Citing captured Nazi documents found by the Criminal Division's Office of Special Investigations (OSI), Immigration Judge Bruce W. Solow found that Michael Negele, 81, served from November 1943 through June 1944 as an armed SS Death's Head Battalion guard of prisoners at the Sachsenhausen Concentration Camp, near Berlin, Germany, where he was selected for specialized training in the use of a guard dog. The court observed that thousands of Jews and other civilians from throughout Europe "suffered inhumane forms of physical abuse and death" at Sachsenhausen because they were considered enemies of the Nazi state.

The court also found that Negele later served through the end of the war as a guard of prisoners at the Theresienstadt Jewish ghetto, near Prague (in what is now the Czech Republic), which held Jews, including prominent Germans, children and elderly civilians, as part of the Nazi regime's "final solution to the Jewish question." Theresienstadt also functioned as a way station to the Nazi extermination facilities at Auschwitz and Treblinka. Negele admitted in court proceedings that he guarded the Jewish ghetto with the same dog, a German shepherd trained to attack prisoners who attempted escape, that he had been assigned while at Sachsenhausen. Some 10,000 prisoners died in the ghetto, and thousands more passed through Theresienstadt en route to extermination elsewhere.

"Countless innocent men, women and children were brutalized and killed in Sachsenhausen and Theresienstadt as part of the Nazi regime's genocidal plan," said Assistant Attorney General Michael Chertoff, who heads the Justice Department's Criminal Division. "Guards such as Negele made these crimes possible and are not entitled to the privilege of continued U.S. residence," added Chertoff.

OSI Director Eli M. Rosenabum, added, "Time has not diminished our resolve to hold accountable those who helped make the Holocaust a reality. This ruling is an important step in this continuing effort."

Negele, a native of Romania, entered the U.S. in 1950, using a visa he obtained in Germany. He became a U.S. citizen in 1955. In July 1999, the U.S. District Court in St. Louis revoked Negele's U.S. citizenship because of his Nazi guard service. The U.S. Court of Appeals for the Eighth Circuit affirmed the denaturalization order in August 2000, and in February 2001, the U.S. Supreme Court denied Negele's petition for review.

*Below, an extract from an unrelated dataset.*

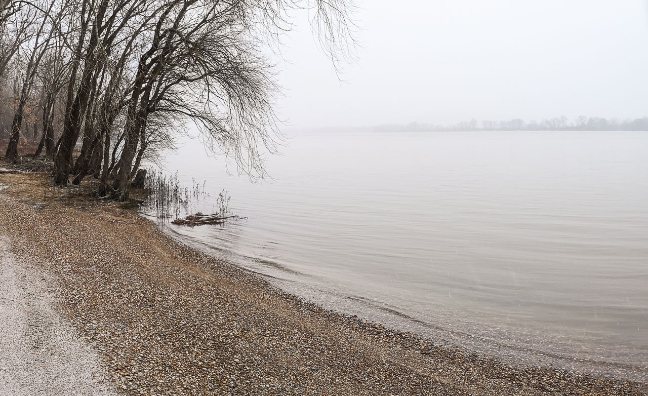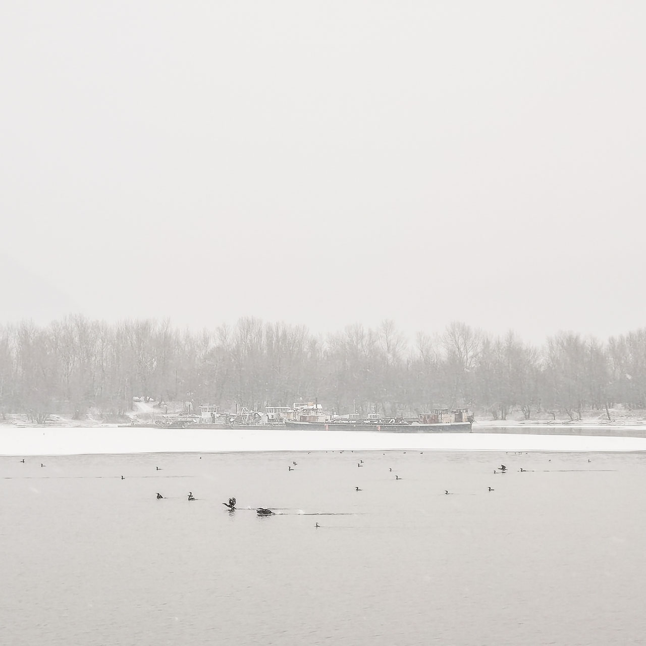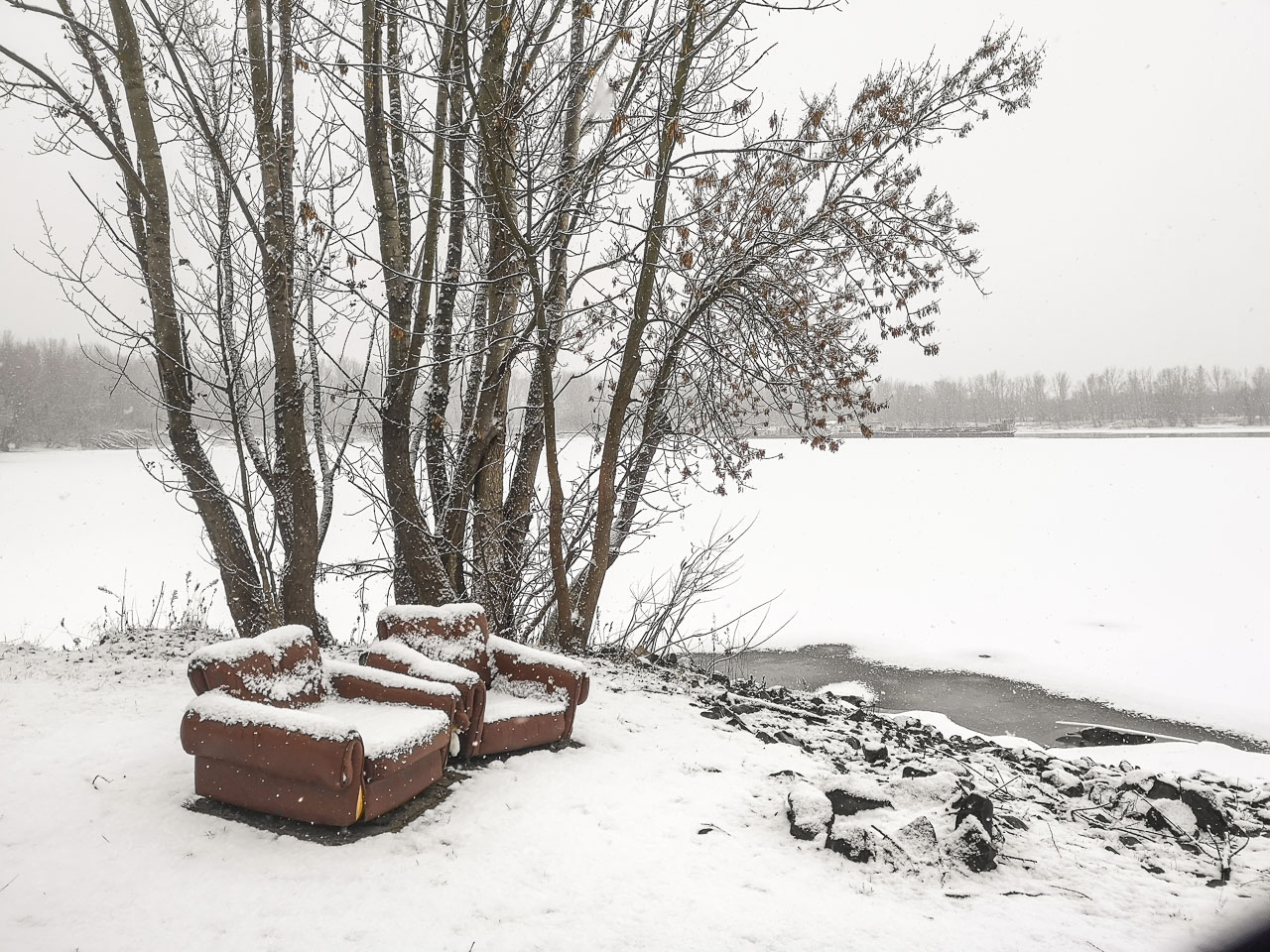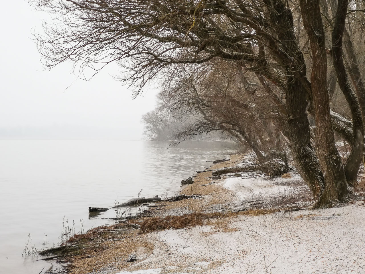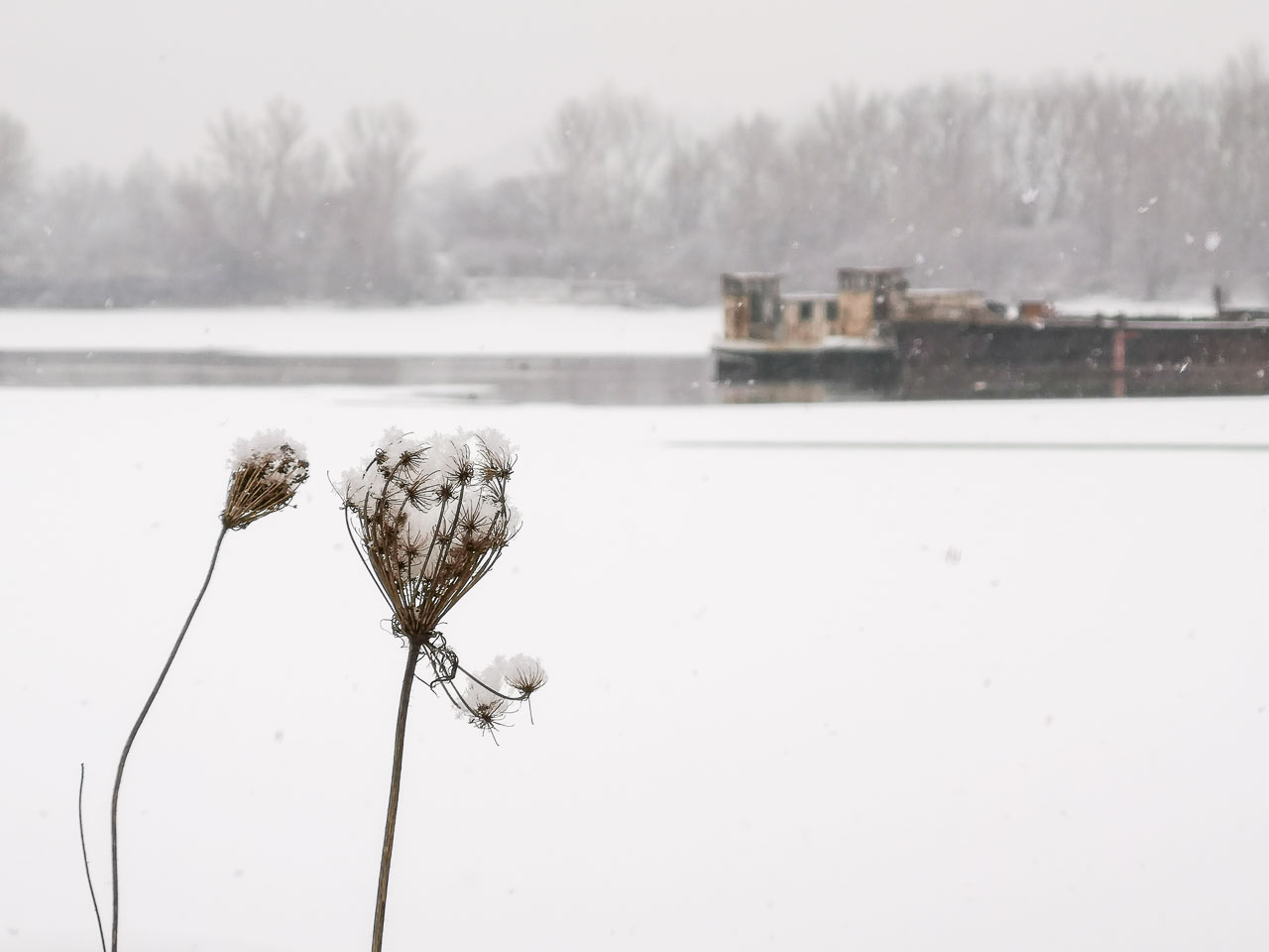 A víz mintha besűrűsödött volna: lassú, lomha hullámokkal vetődik partra. Jó hallgatni a csobbanásait, megállva ebben a hópelyhekkel takart lassúságban.

The deportation proceedings against Negele were a result of OSI's mandate to identify and take legal action against former participants in Nazi persecution residing in this country. To date, 68 Nazi persecutors have been stripped of U.S. citizenship and 56 have been removed from the United States since OSI began operations in 1979. More than 170 persons are currently under investigation by OSI.